Начало НЭПа означало, что народным комиссариатам пришлось ввести законную бухгалтерию и работать на основе наличного расчета, а это повлекло за собой сокращение их раздутого штата. По словам Маккензи, в численном выражении советский бюрократизм достиг своего апогея в октябре 1921 года, когда число людей, непосредственно нанятых центральным правительством, составило 7 481 000; к весне 1922 года оно сократилось до 4 571 000. Однако бюрократические привычки нельзя было искоренить подобным образом, и в 1923 году его коллега-репортер Халлингер все еще мог написать, что «В мире нет правительства, более глубоко погрязшего в бюрократии». Естественно, это усложняло работу по оказанию помощи голодающим. Американец из Царицына рассказывает, как любитель зеленых вернулся из внутренних районов в столицу провинции совершенно обескураженным: «Россия — самая трудная страна для раздачи вещей, которую я когда-либо видел». Другие американцы, которые были там в течение некоторого времени, просто мрачно ухмыльнулись — для них это было старьем».
«Задержек достаточно, чтобы заставить святого поклясться», — писал Гудрич, который пытался донести до Гувера представление о трудностях, стоящих на пути выполнения даже самых простых задач в России. «Царская бюрократия была достаточно плоха, но коммунистическое правительство оказалось запутанным в массе бюрократических организаций, через которые невозможно проникнуть и из которых невозможно добиться эффективности». В устах американца это была самая убийственная оценка.
Кулидж, один из немногих сотрудников АРА, работавших в России до революции, выступил за преемственность. Он считал, что значительная часть нынешних трудностей «неизбежна» в значительной степени из-за «расхлябанности, безответственности, привычки увиливать и других недостатков, присущих русскому характеру; также из-за бюрократических традиций и отсутствия способности к командной игре. Все это существовало при старом режиме, сколько я себя помню, действительно, я иногда задаюсь вопросом, не были ли препятствия, с которыми мы сталкиваемся, тогда такими же большими, как сейчас, несмотря на беспорядок и деморализацию, вызванные нынешней революцией».

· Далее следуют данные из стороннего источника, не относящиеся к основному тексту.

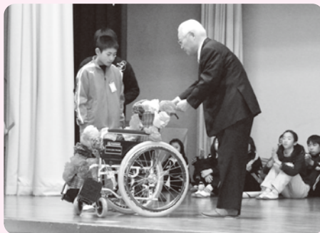
笠原小学校での贈呈式(3月7日)

車いすは、社会福祉協議会が実施する貸出事業のほか、それぞれの障害者や高齢者の施設で使用します。

Уильям Генри Чемберлен из Christian Science Monitor не согласился. Хотя он не посещал Россию до 1921 года, он видел и слышал достаточно о «бесконечной бюрократической волоките, которая окружала простейшую операцию, такую как покупка железнодорожного билета, о количестве штампов, которые нужно было проставлять на всевозможные документы» и так далее, чтобы прийти к выводу, что количественное увеличение бюрократии со времен царского периода привело к качественному вырождению российского бюрократизма. «Более того, царские бюрократы были по крайней мере сносно образованны, чего нельзя было сказать о многих их советских преемниках».
Ленин был особенно обеспокоен тем, что советская бюрократическая практика угрожала росту внешней торговли, а концессии для бизнеса считались необходимыми для восстановления экономики, особенно для возрождения тяжелой промышленности. Действительно, так случилось, что кампания советского правительства в начале 1920-х годов по привлечению инвестиций иностранного бизнеса и международной торговле привела к разочаровывающим результатам. То, что большевики после долгих мучений решили сохранить государственную монополию на внешнюю торговлю, делу не помогло, но это было лишь симптомом более глубокой проблемы, подчеркнутой Маккензи, а именно «российских методов ведения бизнеса. Русский, как в царские, так и в большевистские времена, всегда ненавидел отдавать какой-либо контроль над своими природными ресурсами иностранцам. Когда он занимается бизнесом, он окружает его бесконечными формальностями и задержками». Результатом стало то, что иностранные концессии были «окутаны такой волокитой, какой раньше не было».
Отдельные проекты могут начинаться хорошо: потенциальный концессионер встречается в Лондоне с Леонидом Красиным, просвещенным советским министром внешней торговли, с которым он приходит к соглашению о деталях предлагаемого им коммерческого предприятия путем рукопожатия. Полагая, что сделка почти заключена, он отправляется в Москву, чтобы заключить ее, но обнаруживает, что должен пересмотреть все с самого начала. И не с такими, как Красин, как объясняет Маккензи:
Чиновники тратят свое время на прием заявителей. Время может быть сейчас, или на следующей неделе, или, может быть, в следующем месяце. Какое значение имеет время? Чиновник дает любезные обещания, которые забывает или никогда не собирается выполнять. Новые условия возникают в последний момент... Это типично для России. Большевизм не принес эффективности бизнеса. Иностранец, который хочет вести бизнес в России, должен с этим считаться. Отбиваться от придурков бесполезно.
Старые игроки узнали игру из прошлого. Флеминг столкнулся с группой американских и английских бизнесменов в Харбине, Маньчжурия, когда он покидал Россию в июне 1923 года.